* **Directions**:
The answer is all of the data repeated exactly, with each picture omitted.

* **Extracted material**:
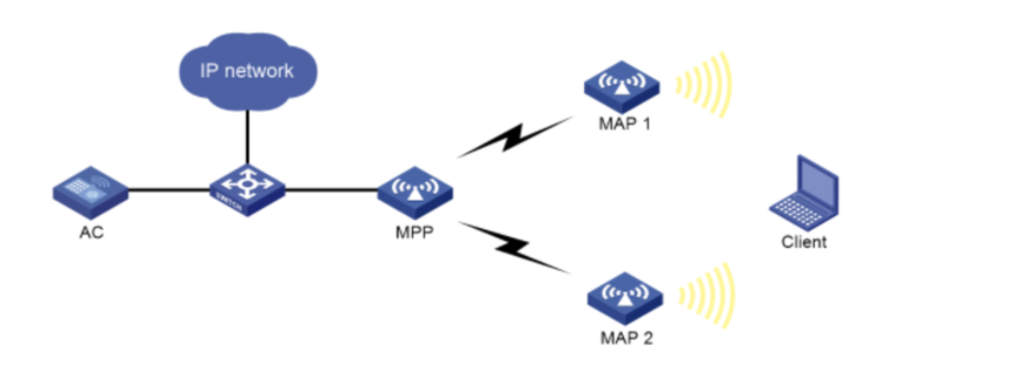 该案例中AC为WX2540H,MPP为WA5320-C-EI负责连接无线Mesh网络和非Mesh网络,MAP为WA5530同时提供Mesh服务和接入服务。
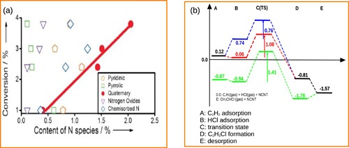 研究表明在碳納米管催化劑中摻雜氮原子是催化劑優異催化活性的關鍵。通過氮摻雜,碳納米管催化劑表現出了和傳統金屬催化劑(例如銅)相近的催化能力,摻氮碳納米管的反應轉換頻率高達2.3 10-3 s-1,具有很好的工業應用潛力。更為重要的是摻氮碳納米管催化劑還具有優異的穩定性,而在長時間反應條件下大部分金屬催化劑都表現出了催化活性的大幅降低,因而碳材料催化劑的穩定性是保證未來工業上應用的關鍵。通過比較不同氮物種的作用,發現季氮物種的含量和反應活性呈現較好的正比例關系。結合密度泛函理論計算,證明了季氮物種是主要催化活性位點。更進一步的理論計算揭示了在碳材料催化劑上的反應路徑,證明乙炔吸附是反應中最重要的步驟,摻雜氮原子增強了乙炔分子在活性位上的吸附,進而提高了催化活性。通過電子結構分析發現了乙炔分子在碳材料上的吸附機理和在金屬催化劑上的是截然相反的。這是因為氮摻雜改變了催化劑的酸堿性從而影響了反應分子和催化劑之間的作用形式。這些研究成果表明納米碳材料作為一類重要的非金屬催化劑材料具有廣闊的應用前景,并且為高效、綠色生產聚氯乙烯開辟了新的研究方向。
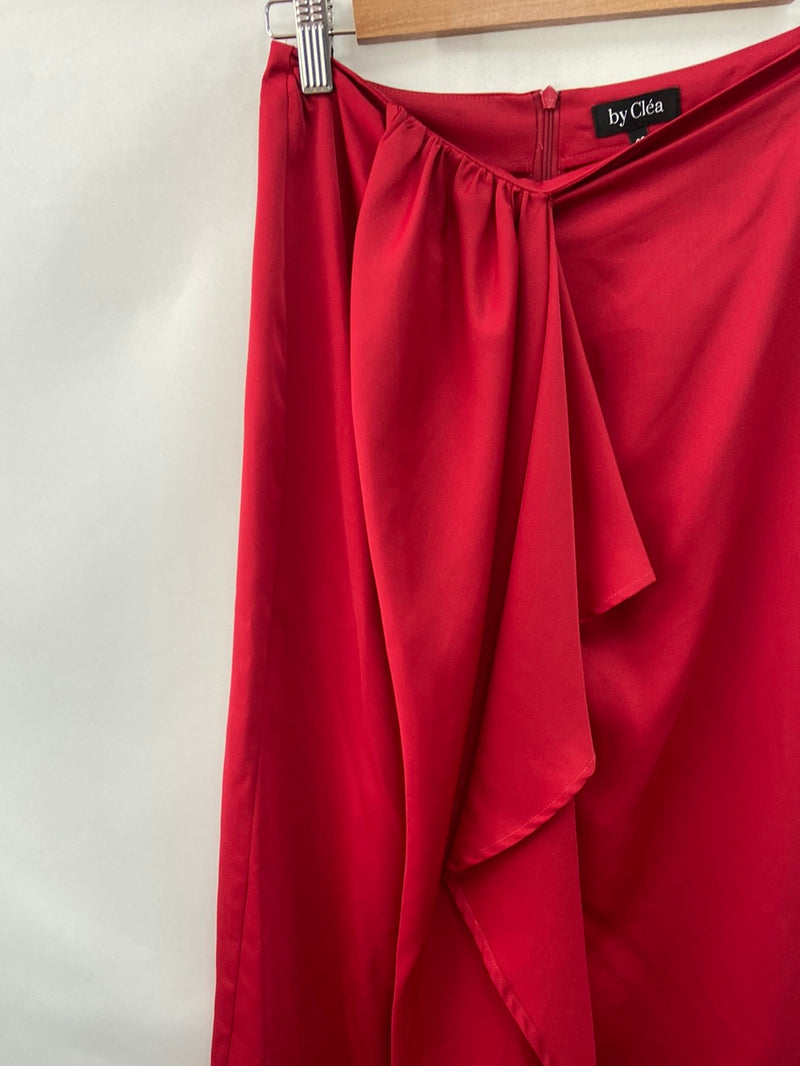 BY CLÉA. Falda midi roja volante (36,38,40)
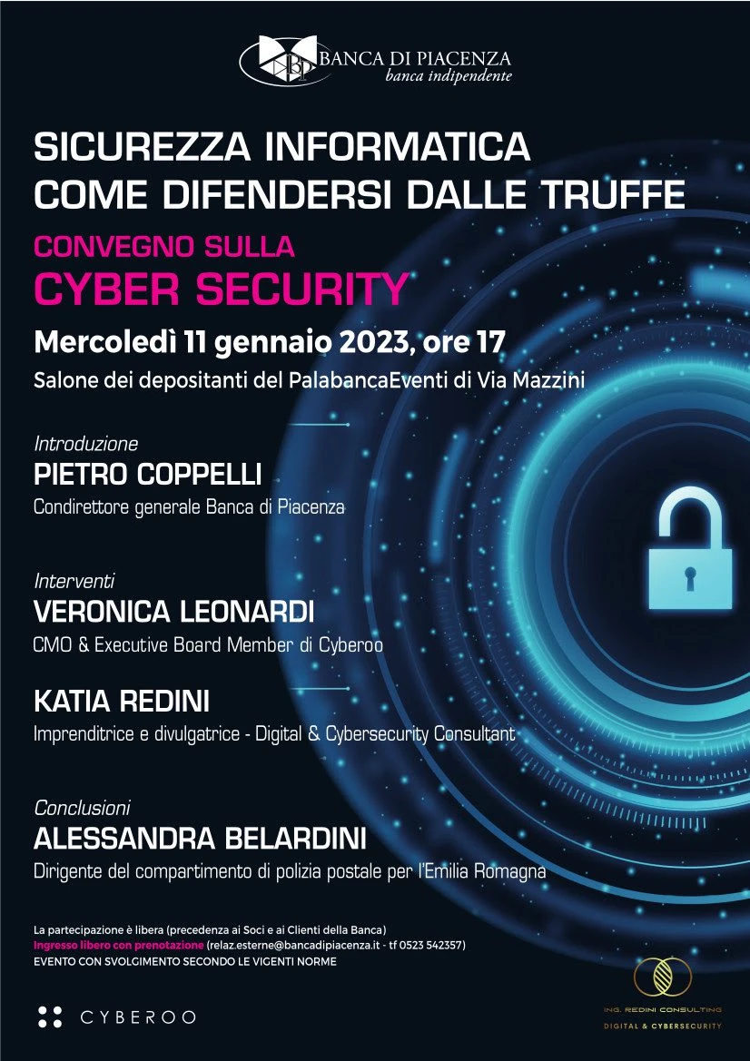 “Sicurezza informatica, come difendersi dalle truffe”. Questo il tema del convegno che si terrà, mercoledì 11 gennaio, alle 17, nel Salone dei depositanti del PalabancaEventi di via Mazzini, per iniziativa della Banca di Piacenza, in collaborazione con Cyberoo, Polizia Postale e delle Comunicazioni Emilia Romagna e Ing. Redini Consulting-Digital & Cybersecurity.
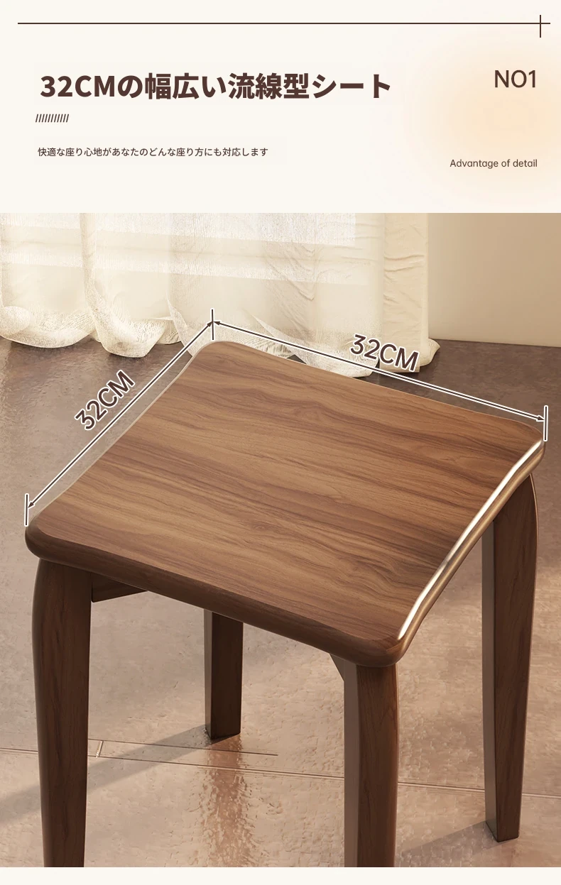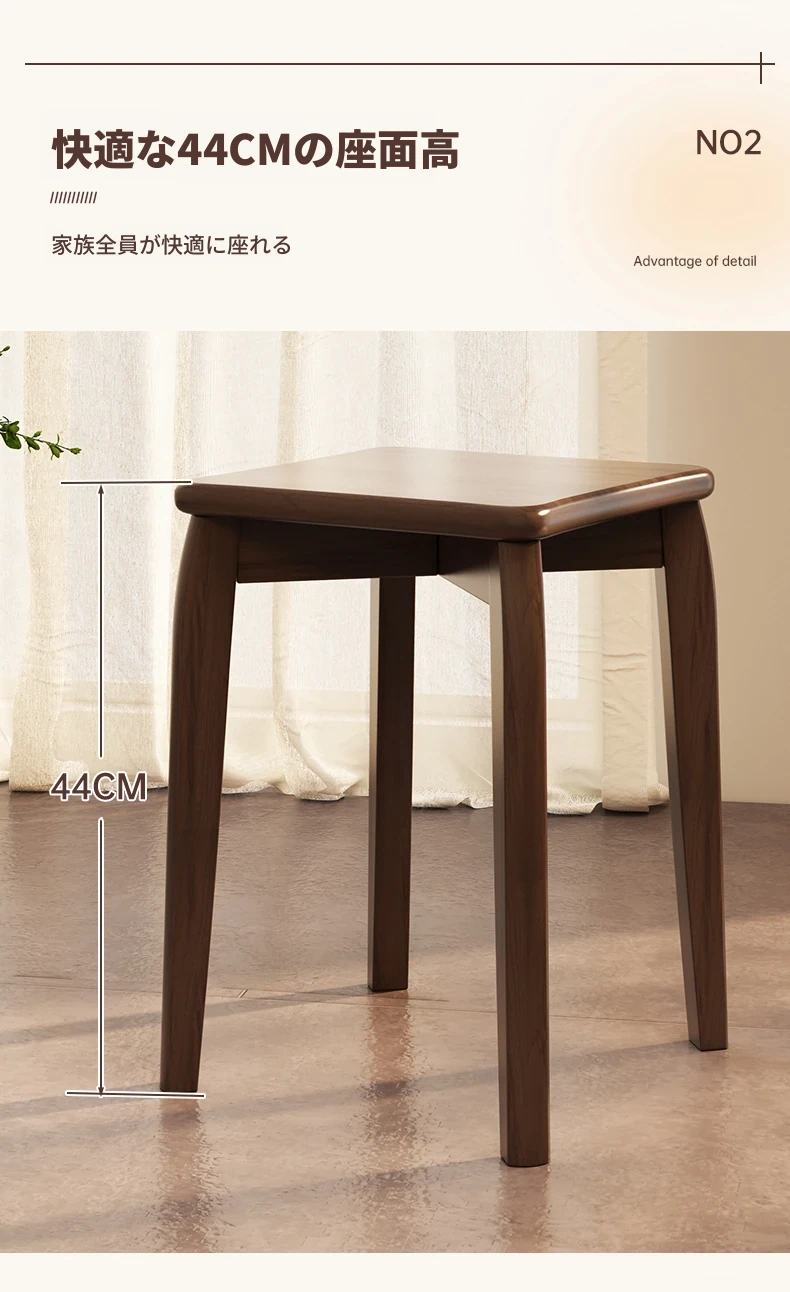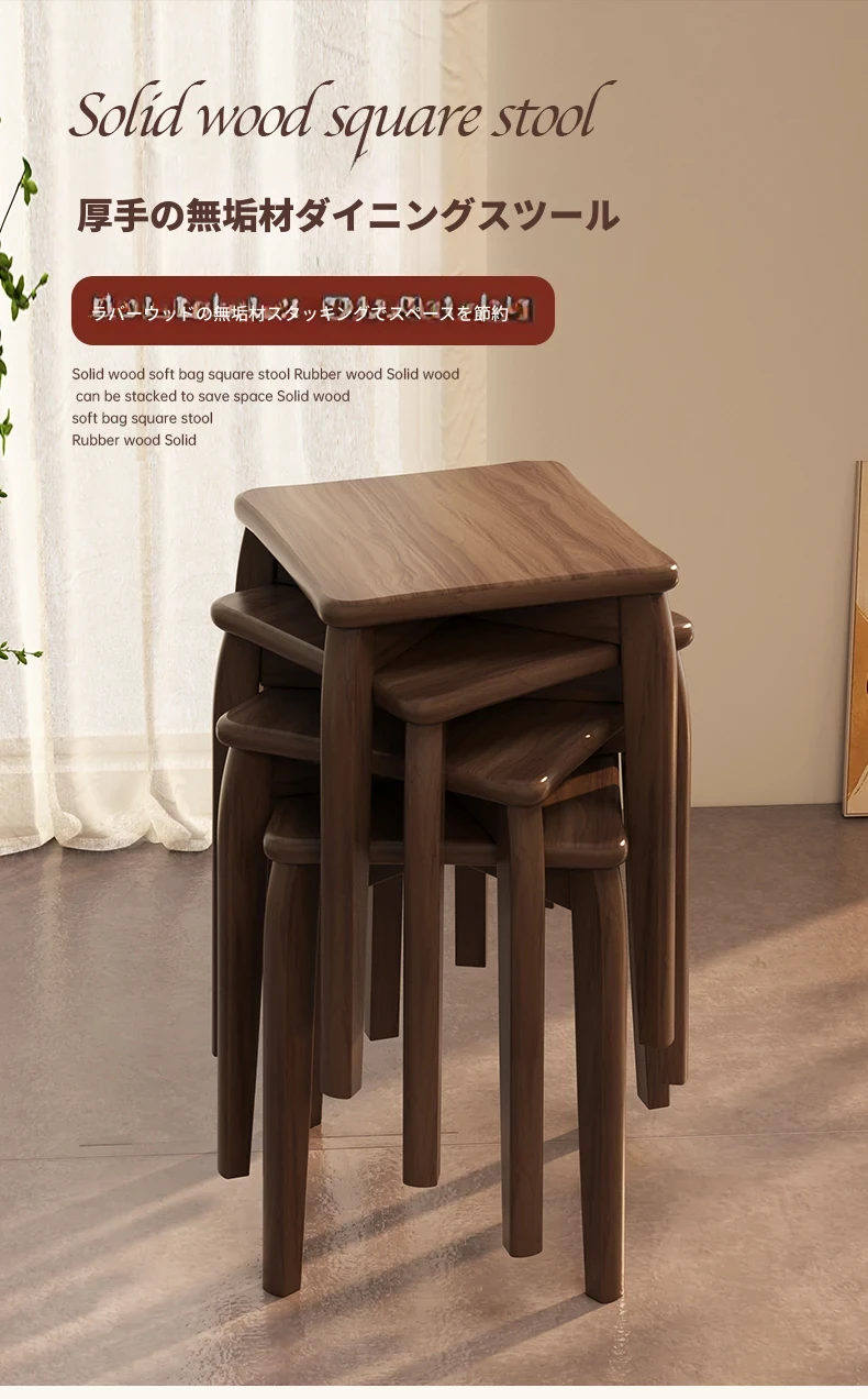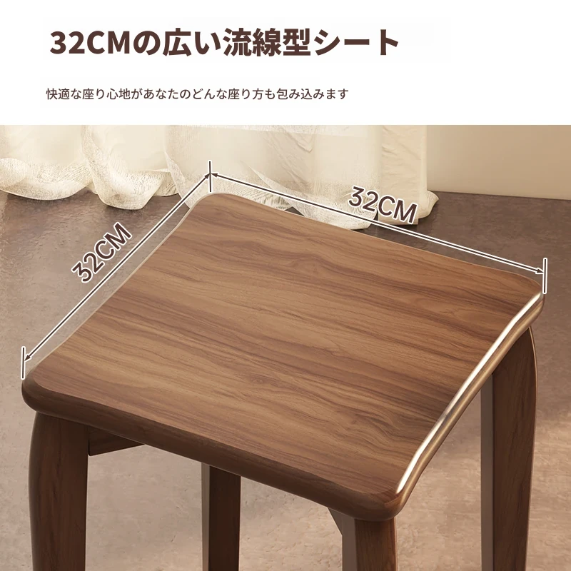 頑丈で耐久性抜群!実木製中式スツール - 家庭用・リビング・ダイニングに最適。待客用やサブスツールにも便利。スタッキング可能で収納も簡単!シンプルなデザインでどんなインテリアにもマッチします。

* **Result**:
 该案例中AC为WX2540H,MPP为WA5320-C-EI负责连接无线Mesh网络和非Mesh网络,MAP为WA5530同时提供Mesh服务和接入服务。
 研究表明在碳納米管催化劑中摻雜氮原子是催化劑優異催化活性的關鍵。通過氮摻雜,碳納米管催化劑表現出了和傳統金屬催化劑(例如銅)相近的催化能力,摻氮碳納米管的反應轉換頻率高達2.3 10-3 s-1,具有很好的工業應用潛力。更為重要的是摻氮碳納米管催化劑還具有優異的穩定性,而在長時間反應條件下大部分金屬催化劑都表現出了催化活性的大幅降低,因而碳材料催化劑的穩定性是保證未來工業上應用的關鍵。通過比較不同氮物種的作用,發現季氮物種的含量和反應活性呈現較好的正比例關系。結合密度泛函理論計算,證明了季氮物種是主要催化活性位點。更進一步的理論計算揭示了在碳材料催化劑上的反應路徑,證明乙炔吸附是反應中最重要的步驟,摻雜氮原子增強了乙炔分子在活性位上的吸附,進而提高了催化活性。通過電子結構分析發現了乙炔分子在碳材料上的吸附機理和在金屬催化劑上的是截然相反的。這是因為氮摻雜改變了催化劑的酸堿性從而影響了反應分子和催化劑之間的作用形式。這些研究成果表明納米碳材料作為一類重要的非金屬催化劑材料具有廣闊的應用前景,并且為高效、綠色生產聚氯乙烯開辟了新的研究方向。
 BY CLÉA. Falda midi roja volante (36,38,40)
 “Sicurezza informatica, come difendersi dalle truffe”. Questo il tema del convegno che si terrà, mercoledì 11 gennaio, alle 17, nel Salone dei depositanti del PalabancaEventi di via Mazzini, per iniziativa della Banca di Piacenza, in collaborazione con Cyberoo, Polizia Postale e delle Comunicazioni Emilia Romagna e Ing. Redini Consulting-Digital & Cybersecurity.
 頑丈で耐久性抜群!実木製中式スツール - 家庭用・リビング・ダイニングに最適。待客用やサブスツールにも便利。スタッキング可能で収納も簡単!シンプルなデザインでどんなインテリアにもマッチします。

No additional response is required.